Inovação

Melhore sua rentabilidade com suínos focando em imunonutrição

Nas últimas décadas, a pesquisa de imunonutrição com suínos está ganhando atenção, especialmente motivada pelos desafios sanitários constantes enfrentados pela suinocultura. Tais problemas acontecem pelo aumento da densidade de animais (em granjas maiores), redução da idade de desmama, dificuldade na oferta de conforto térmico aos animais, agravamento dos problemas respiratórios e entéricos, aparecimento de novas doenças, entre outros.
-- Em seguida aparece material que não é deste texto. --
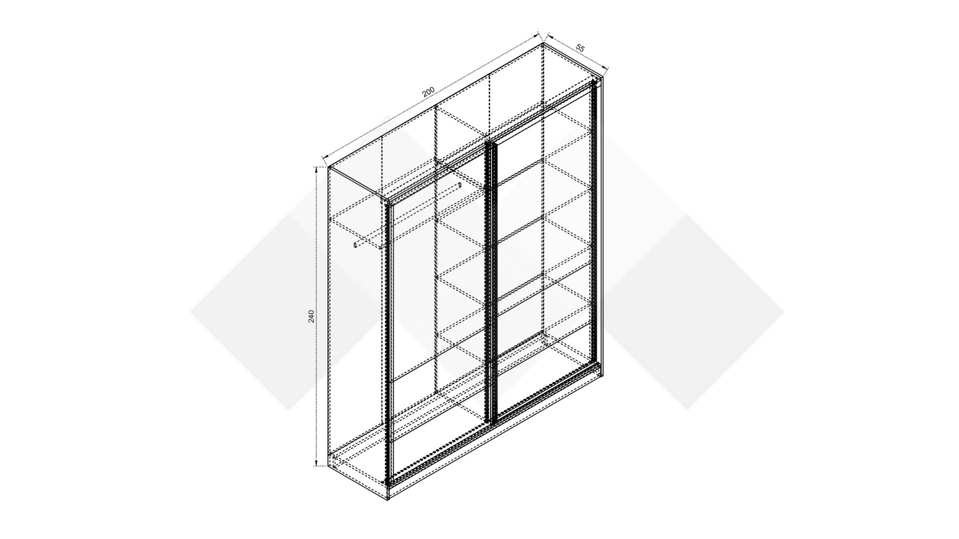 Гардеробът е с две крила, като вътрешното му пространство предлага чудесно разпределение и бърз достъп до всичките ти вещи. Щом отвориш вратите, ще откриеш достатъчно голям обем, който да побере не само дрехите ти, но и допълнителен багаж, удобно организирани на 5 рафта и лост за закачалки.

Na imunonutrição os nutrientes exercem funções além do seu papel fisiológico, podendo, através do efeito farmacológico, modular o funcionamento também do sistema imune. Segundo o pesquisador da Embrapa Suínos e Aves, Gustavo Lima, um aspecto relevante da imunonutrição suína é o emprego de alimentos com composição rica em imunonutrientes e mesmo imunoglobulinas, como é o caso do plasma suíno spray dry.

Lima explica que o objetivo central da imunonutrição suína é auxiliar a resposta imunológica dos animais através do planejamento das dietas que serão por eles consumidas. “A dieta baseada na imunonutrição é especialmente importante nos dias atuais em que a restrição ao uso de antimicrobianos é um fato, ao qual temos que aceitar”.
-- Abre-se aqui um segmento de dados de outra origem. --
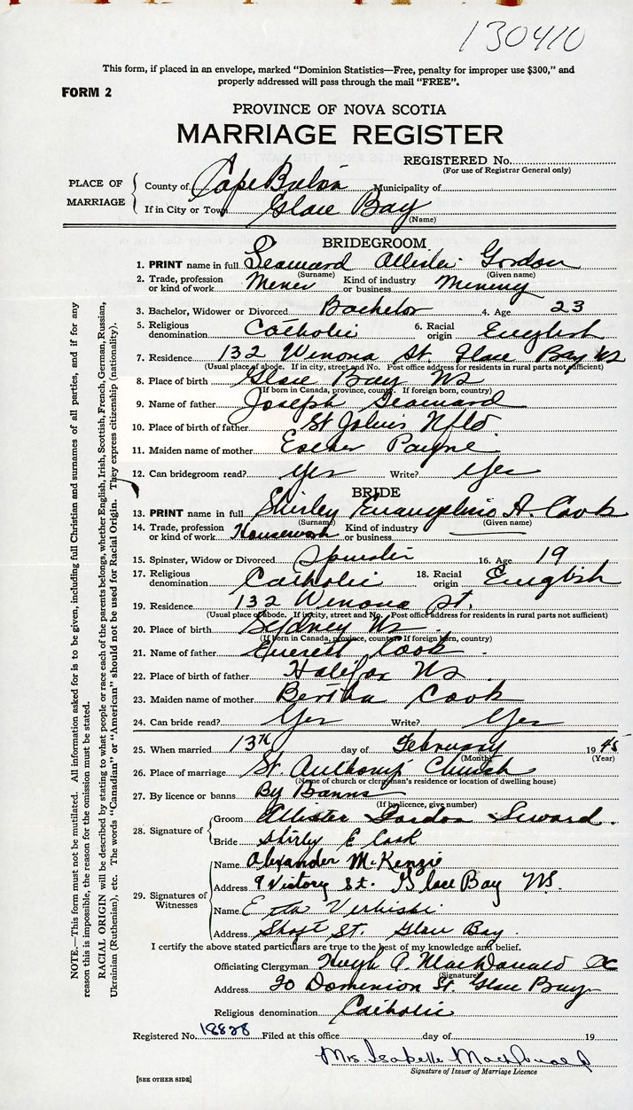 PLACE OF MARRIAGE County of Cape Breton in City or Town Glace Bay

De acordo com o pesquisador, esta é considerada a sétima tecnologia mais importante para o avanço da área de nutrição de suínos, no período de 1908 a 2008, juntamente com o soro de leite e a lactose.

Este ingrediente é composto por imunoglobulinas, peptídeos, fatores de crescimento e outros nutrientes que possuem funções biológicas e é utilizado tradicionalmente na nutrição de leitões. A melhora observada com a utilização do plasma é devida, principalmente, à ação de globulinas no intestino e pela alta qualidade de sua proteína, constituindo-se em um ingrediente importante na alimentação de leitões após o desmame”, explica.
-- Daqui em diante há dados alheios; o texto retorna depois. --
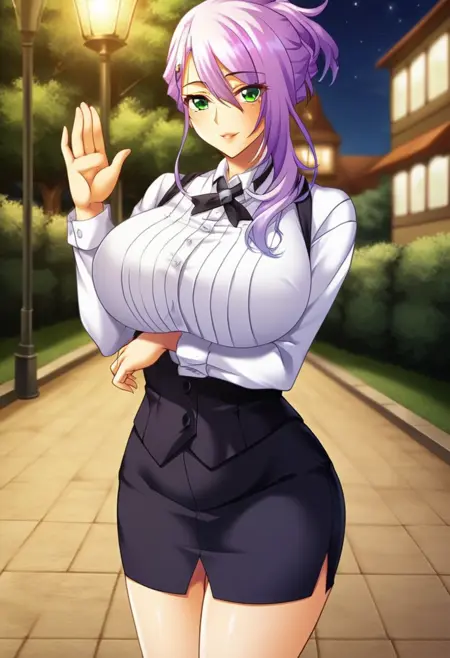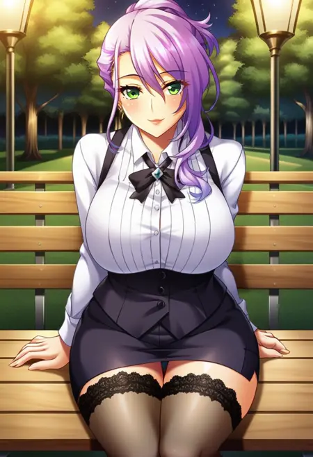 1 裙子,白衬衫,蕾丝边裤袜,长袖,铅笔裙

Como a imunonutrição é realizada em suínos?

O procedimento de imunonutrição é realizado em suínos através do planejamento de dietas formuladas para atender não só as demandas em nutrientes para maior desempenho, mas também, para propiciar aos animais melhores condições de enfrentar os desafios imunológicos sob os quais são colocados a prova.

A imunonutrição na água também parece funcionar. “Existem vários relatos na literatura que demonstram que a suplementação com imunoglobulinas através da água de beber melhorou o desempenho de leitões precocemente desmamados, mesmo alimentados com dietas formuladas com elevada complexidade de ingredientes”, explica Lima.

O pesquisador lembra que são várias as áreas da ciência que atuam na imunonutrição suína. Os princípios básicos são definidos pelo conhecimento compartilhado de imunologistas, patologistas e nutricionistas. Entretanto, ele ressalta que todo esse conhecimento deve estar inserido em uma fórmula de dieta calculada matematicamente por um nutricionista ou zootecnista.

E os custos da técnica? Qual a taxa de retorno?

Muitos suinocultores têm preocupação constante com os custos da dieta de suínos. Qual a resposta econômica na adoção desse tipo de dieta? O pesquisador da Embrapa explica que a resposta da imunonutrição é muito dependente da ferramenta (nutriente ou alimento) empregado, da taxa de inclusão, idade e peso dos suínos, sanidade e condições do local de criação.

Lima ressalta que os custos podem ser facilmente calculados, “basta verificar o quanto as dietas encarecem com o uso dessas ferramentas”. Entretanto, segundo o pesquisador, o retorno é de difícil medição, uma vez que a imunonutrição é implementada como uma medida de precaução, com impactos que são previsíveis, mas impossíveis de se medir precisamente.

Porém, Lima afirma que “animais saudáveis tem melhor desempenho e propiciam maior rentabilidade e saúde, mas tudo isso começa com uma boa nutrição, especialmente planejada e devidamente formulada para reduzir a ocorrência de doenças”. Afinal, animal doente não produz, ou produz muito menos.